I think it's just all part of the fantasy. 

And the cheater has to paint the marriage black in order to soothe their own cognitive dissonance. 

The wife has to be evil and the marriage sucky in order for them to justify their sleazy behaviors. 

As for the lies. I think they tell the Affair partner what each wants to hear. 

The OW in my case was a gold digger, so my STBEH made her believe we were wealthier than we are. 

She in turn would pick up on things he said and mirror them back to him later. 

I pointed this out to him by showing him something he said 20 emails back and 20 email later she would mirror it back. 

She was very skilled at manipulating men and this mirroring made him feel as if she knew him so well. 

Later he saw those mirrorings as the manipulations they were.


----------



## LookingForTheSun (Dec 28, 2011)

Sara - could the OW in your story be a who*e from NJ too...or maybe they are all like that...so sad.


----------



## Sara8 (May 2, 2012)

LookingForTheSun said:


> Sara - could the OW in your story be a who*e from NJ too...or maybe they are all like that...so sad.

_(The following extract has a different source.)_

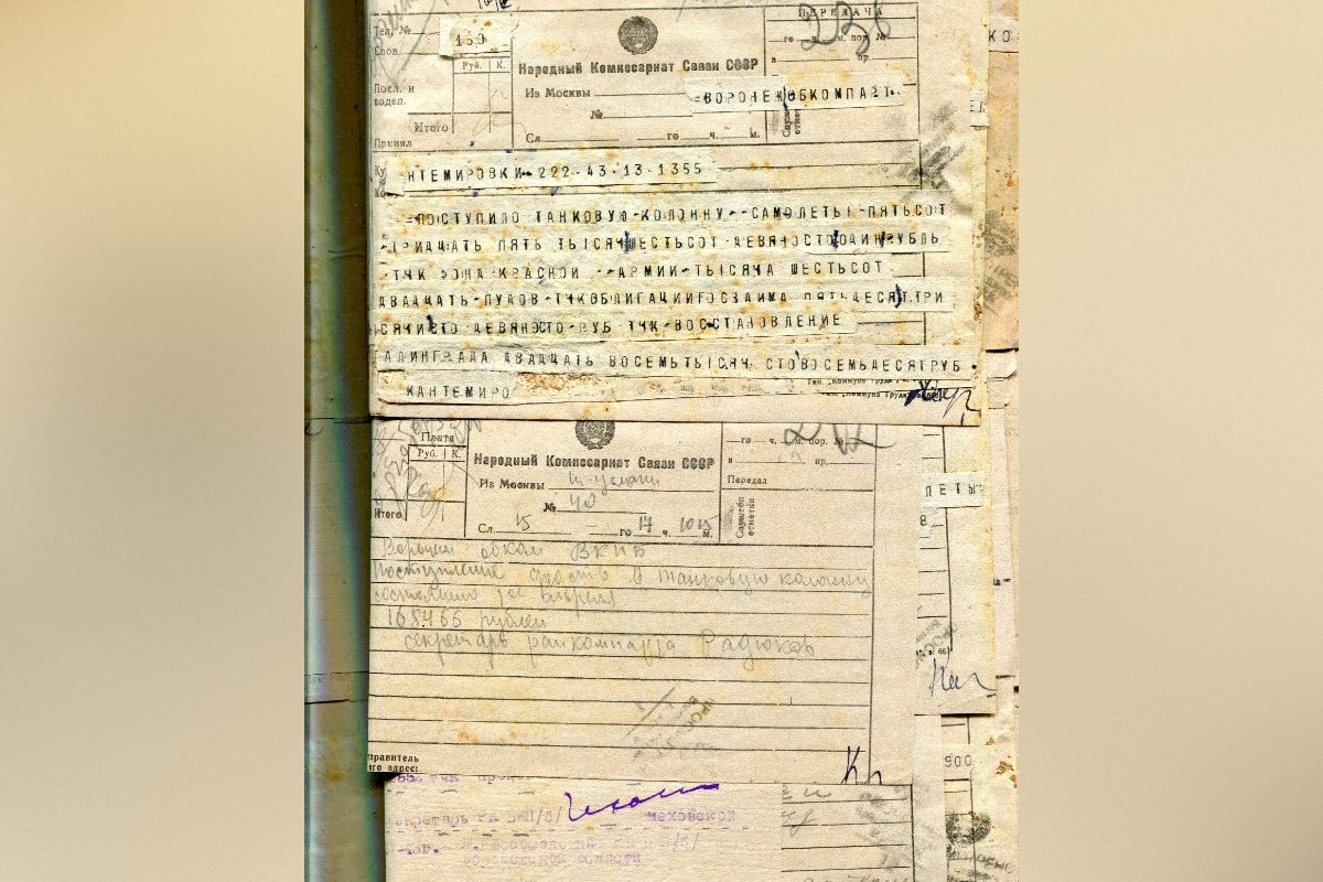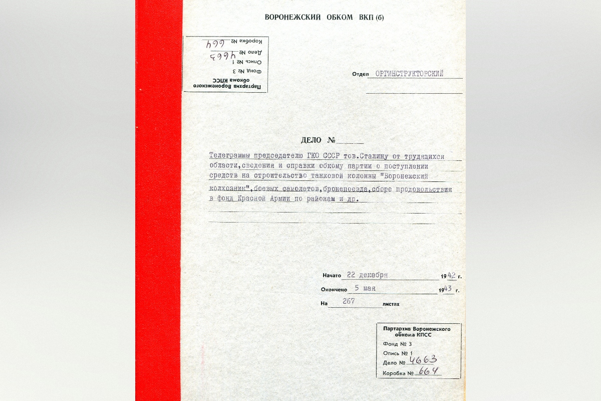 Вообще, дело № 4663, хранящееся в Государственном архиве общественно-политической истории Воронежской области, уникально. В нем не только списки районов, отчитавшихся по сбору средств, но и благодарности, и телеграммы, подшитые пластами по 30−50 шт.

No, OW is not the 'ho in NJ. But yep, I think they are all like that.


----------



## Kathy Jackson (Aug 29, 2012)

I don't understand the stupid lies either. 

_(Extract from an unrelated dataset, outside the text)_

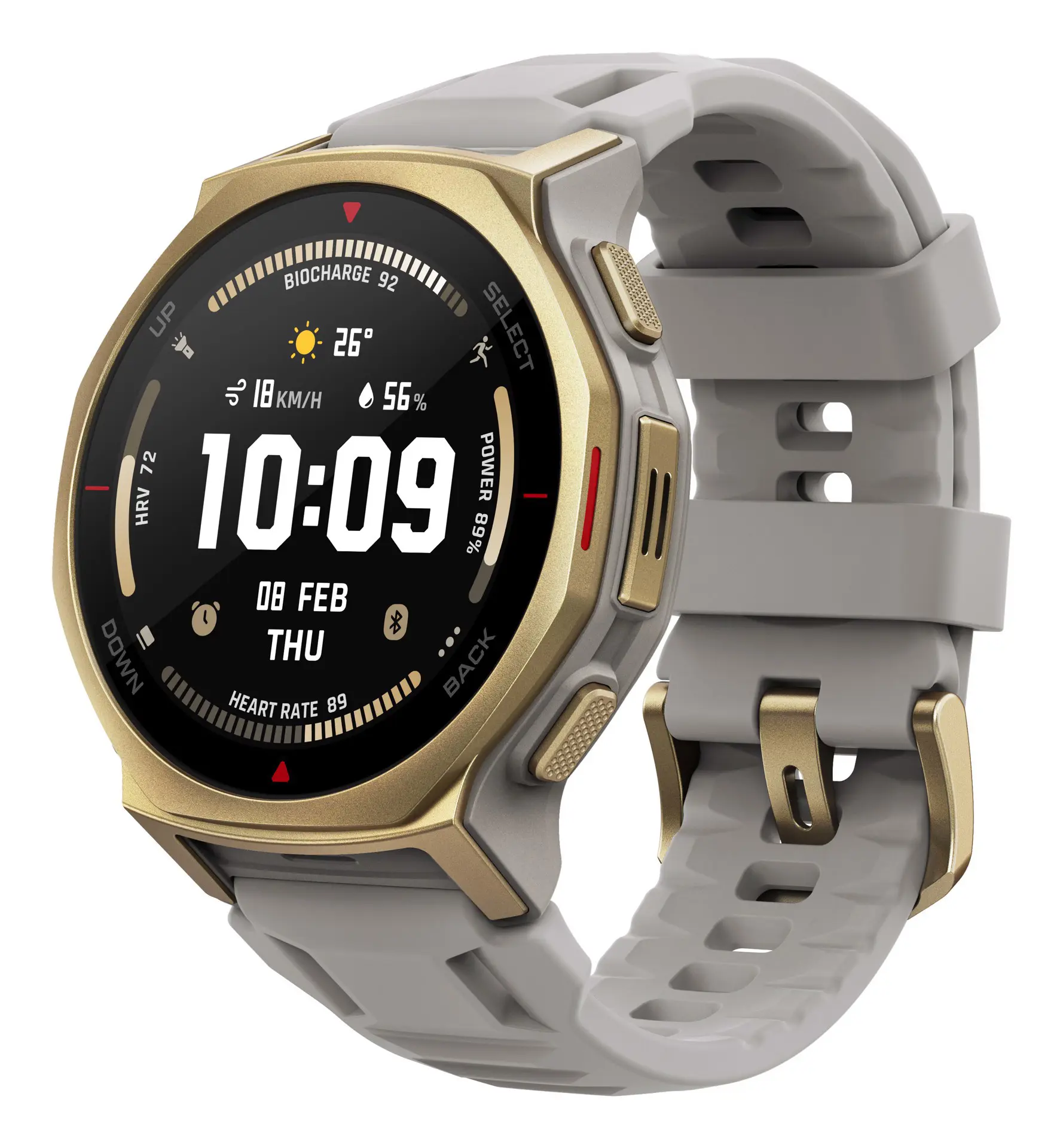 Amazfit T-rex 3 Pro. Dimensioni diagonale schermo: 3,35 cm (1.32"), Tecnologia display: AMOLED, Risoluzione del display: 466 x 466 Pixel, Touch screen. Capacità RAM: 64 MB, Memoria flash: 16 GB. Wi-Fi. GPS (satellitare). Capacità della batteria: 640 mAh. Peso: 46,8 g. Impermeabile fino a: 45 m, Materiale cinturino: Silicone, Colore cinturino: Grigio

I found my husband's eharmony profile and it was filled with lies. 

He makes 85k a year as a butler (who can't even do laundry correctly?)...He's Jewish (when did that happen?)...no children (I guess the two running around here are imaginary?)...doesn't drink or smoke (even though he does both?)...

I think he described who he wants to be? Or something, I don't know...it is weird.


----------



## JustCan'tDeal (Feb 24, 2012)

Wow Kathy...a butler? really? Hahahaha now that is funny!


----------



## Miss Taken (Aug 18, 2012)

EX'S DATING PROFILE LIES:


He's a rich real estate broker and started his business from the ground up (news to me and I could use some of those Trump-like commissions tyvm!);
He lived in ___ (next town over);
Has a beautiful beach house - no, our family has a quaint little cottage on a weedy, mosquito-infested lake (still a nice cottage but far from a beach house!)
He's been with me for seven years (actually 9 but could be truthful since I do think he was faithful for the first seven);
I had an affair and this is the only way he can get over it (I've NEVER strayed);
He's a Pisces and one year younger than he is;
I just won't sleep with him anymore (this is now true  but wasn't then)
An honest to God, good-hearted Christian man who puts God above all....blah, blah, blah (I wonder if God told him to go online to look for intimate encounters?)
Doesn't have any kids but would like to some day (We have a son and I'm pregnant with another son - he's also a good father and very involved parent (despite a lack of integrity))


----------